«Una rivoluzione copernicana»: così Sergio Marchionne ha definito sia le sue proposte sul futuro dell'industria dell'auto, sia l'atteggiamento richiesto ai collaboratori per ottenere i massimi risultati dal cambiamento. E c'è un filo logico molto chiaro e altrettanto coraggioso nelle scelte di strategia economica illustrate dall'amministratore delegato della Fiat e nel confronto aperto sul futuro dell'economia e della società italiana.
Una rivoluzione che ha alla sua base una nuova alleanza, con il superamento del consolidato metodo del conflitto, e che apre la strada a una sempre maggiore responsabilità delle persone all'interno della dimensione produttiva. È di fronte a questa responsabilità che si articola spesso il senso di smarrimento quando si mettono in discussione le consolidate garanzie e le certezze del passato. Ma non bisogna dimenticare che la crisi economica e finanziaria degli ultimi mesi è stata solo un capitolo di una lunga serie di cambiamenti epocali che hanno contrassegnato gli ultimi vent'anni. Dal crollo delle ideologie all'esplodere della globalizzazione, dall'innalzamento dell'età media nei paesi occidentali ai grandi flussi di migrazione, dalla crisi ambientale alle tensioni sociali per la disoccupazione: tutti elementi che dimostrano come il mondo sia profondamente cambiato e come sia quindi anche necessario guardare avanti superando gli schemi di giudizio tradizionali.

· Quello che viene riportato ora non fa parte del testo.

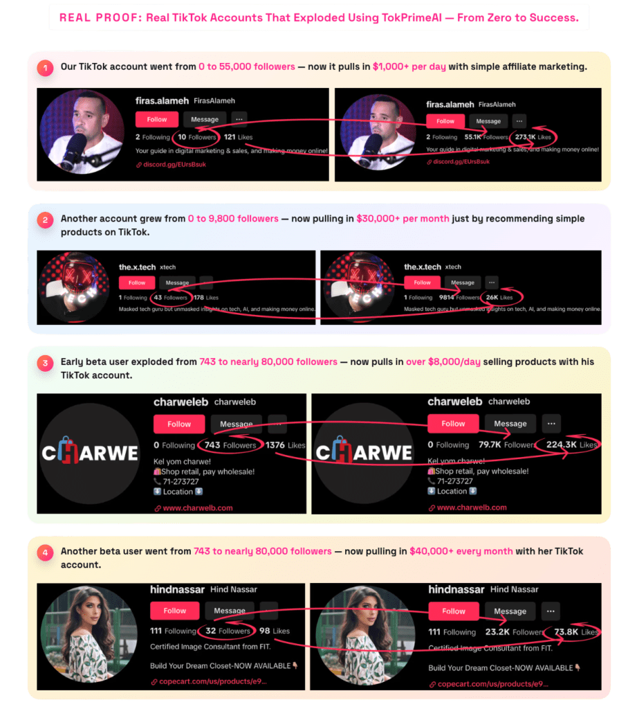 Quote: “I was terrified to show my face. TokPrime AI let me build a 6-figure business in 30 days without appearing once.”

Lo osserva con decisione il cardinale Angelo Scola, patriarca di Venezia, nel suo ultimo libro che ha un titolo molto semplice “Buone ragioni per la vita in comune”, ma che traccia un impegnativo e ambizioso cammino per rinnovare il significato e il valore dell'impegno di ciascuno nella politica e nell'economia. La crisi ha dimostrato come sia fondamentale il ruolo dello stato, l'unica entità che ha il potere, i mezzi e la forza per interventi drastici e mirati di fronte alle emergenze. Ma nello stesso tempo ha reso evidente che «c'è bisogno di più stato per salvaguardare il peso della società civile e per avere più mercato». In una visione in cui non c'è antagonismo, ma complementarietà, non c'è un primato ideologico, ma funzionalità sociale. Perché se non si creano spazi di libertà, se non si concede fiducia alle persone e ai gruppi intermedi, se non si sollecita la partecipazione politica non si può che veder affievolire lo spirito d'iniziativa e di generosità collettiva.
Il punto di fondo non sta infatti nell'efficienza dei modelli teorici, ma nella capacità della dimensione sociale di sollecitare la responsabilità delle persone, la loro partecipazione attiva, la gestione creativa di beni che possono avere una finalità pubblica pur restando di proprietà privata. E allora la risposta alla crisi sarà tanto più efficace quanto più, a fianco e oltre le scelte di politica economica, si approfitterà del necessario minore impegno finanziario degli stati per ridare spazio alle iniziative delle persone, delle famiglie, delle organizzazioni del privato sociale con la loro capacità e con un dinamismo che lo stato dovrebbe solo aiutare e non pretendere d'ingabbiare nella morsa della burocrazia.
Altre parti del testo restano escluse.